Blokable can build everything from emergency housing for the homeless, to market-rate apartments, to single-family homes. (Blokable Rendering)

Blokable is starting small, but as it ramps up, the company’s larger projects could support several hundred units each. It plans to put out about 20 units per month in the early part of next year and could expand production if it lands more customers.

Holm said the company is looking to take on projects within 1,000 miles of the Vancouver factory, which means a big chunk of West Coast is fair game. But don’t expect to see a Blokable building pop up in downtown Seattle, Portland or San Francisco. The company is focused more on areas near transit in Seattle-adjacent cities like Edmonds and Shoreline or Tukwila.

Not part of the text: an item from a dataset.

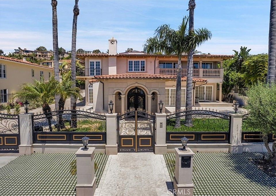 Once in a lifetime Opportunity to own this Spectacular Estate with Luxurious Panoramic Pacific Ocean & Sunset Views in the Prestigious Monte Malaga. This private and gated estate will be your forever home. This property boasts a fantastic landscape with mature palm trees, 15’ waterfall, a sparkling new pool, spa, firepits, pizza oven and much more. It was built with superior quality and attention to detail. As you walk up, you will notice the magnificent precast Limestone cladded façade. Then as you enter through the custom made Iron doors, you are met with grandeur. All the floors are custom inlayed Italian marble with gold tones throughout. The coffered ceiling are all handmade with gold leaf inlays. On one side you have a formal seating room with a wet bar. On the other side you formal living room that leads to a the gourmet kitchen with top of the line appliances and cabinetry. Off the kitchen you have access to the front courtyard where you can have your morning Latte from the built-in Mille espresso machine. Also off the kitchen is the formal dining room. This leads you to a grand foyer with a custom 14’ Italian Murano chandelier. Off of this room, you’ll find one of the bedrooms and lovely family room that has French door that lead to the back yard oasis. The walnut and oak flooring that begin at the spiral staircase are showcased throughout the second floor. Upstairs you will find 5 more bedrooms and bathrooms. The master suite is reminiscent of a day spa that includes a fireplace, steam shower, soaking tub and a private balcony where you can witness the amazing California sunset. On the second floor you’ll also find a maid’s quarters off of the laundry room, which has another staircase that can be used. There is also a host of exterior upgrades that have been made in addition to the new roof and solar power panels. Two new 5-ton HVAC units will keep you comfortable everyday of the year. A new outdoor bbq area has been built with a granite top and backsplash. The pool/spa and equipment have been updated with a custom Pebble tec finish. There is also a secluded retreat area to the back of the property where you can just sit and listen to the sounds of nature. Other amenities include a full Crestron suite, access control gate and driveway access, multiple EV charging outlets, RV hookups…and the list goes on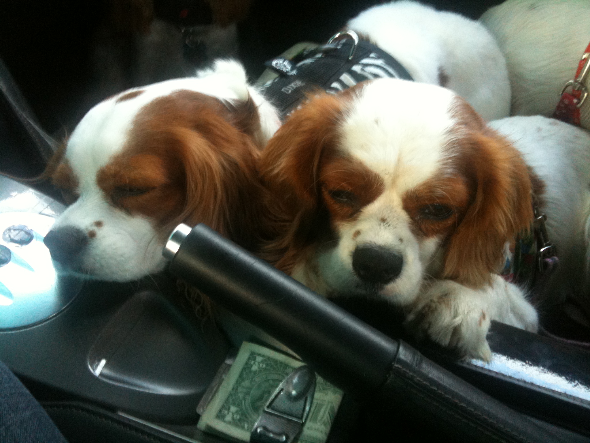 Daddys been telling us now for weeks that he has no bone money. Willie said he got a new tire for one of the cars though. We think he’s working to much and just doesn’t have enough time to take us to get bones. We guess its ok since we are with him all the time, so we know he isn’t cheating on us. Willie says this picture he took proves daddy has bone money. But we aren’t sure. What do you think?

Standing out from the crowd

As developers look for ways to speed up costly projects, modular building has become a fashionable option. It allows for structures to be built in the controlled environment of a warehouse, while work to prepare the site happens concurrently, shaving time off the project. Prefabricated units are then delivered to the site where teams can apply the finishing touches.

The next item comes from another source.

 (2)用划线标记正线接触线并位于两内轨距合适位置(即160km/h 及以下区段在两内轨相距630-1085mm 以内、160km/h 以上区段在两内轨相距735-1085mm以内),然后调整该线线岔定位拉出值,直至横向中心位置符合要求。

A Blokable floating home. (Blokable Rendering)

Modular projects have popped around Seattle and in other cities as well, so what makes Blokable stand out? The smart home technology for one, Holm said.

The other is the scale, and ability to easily repeat projects. Most modular projects still come together in the mold of a traditional development. A developer finds a site and hires an architect to come up with a design from scratch. Blokable has a different model that calls back to Holm’s product management background with Amazon.

“The whole focus on product is about repeatability and scale, and having a lineup of SKUs that don’t differ from project to project. We are always using our building system product for the solution. We are not customizing anything for any given project because you just can’t reach scale when you are doing project work.”

Today, Blokable has 10 full-time employees, including two architects, builders, mechanical engineers and business intelligence people. The company operates out of a small office in Seattle’s University District, with one of the perks being proximity to all the cheap and delicious noodles they can eat, Holm said. Another, is the opportunity to change how housing is fundamentally built.

“In this particular market and in this particular business, there is an opportunity to create a wildly successful company that also makes a hugely positive impact on the society where we live,” Holm said. “It’s really hard stuff that we are working on, advanced manufacturing, changing rules for housing, shipping. The team is just incredible, and getting people behind this idea has been really rewarding.”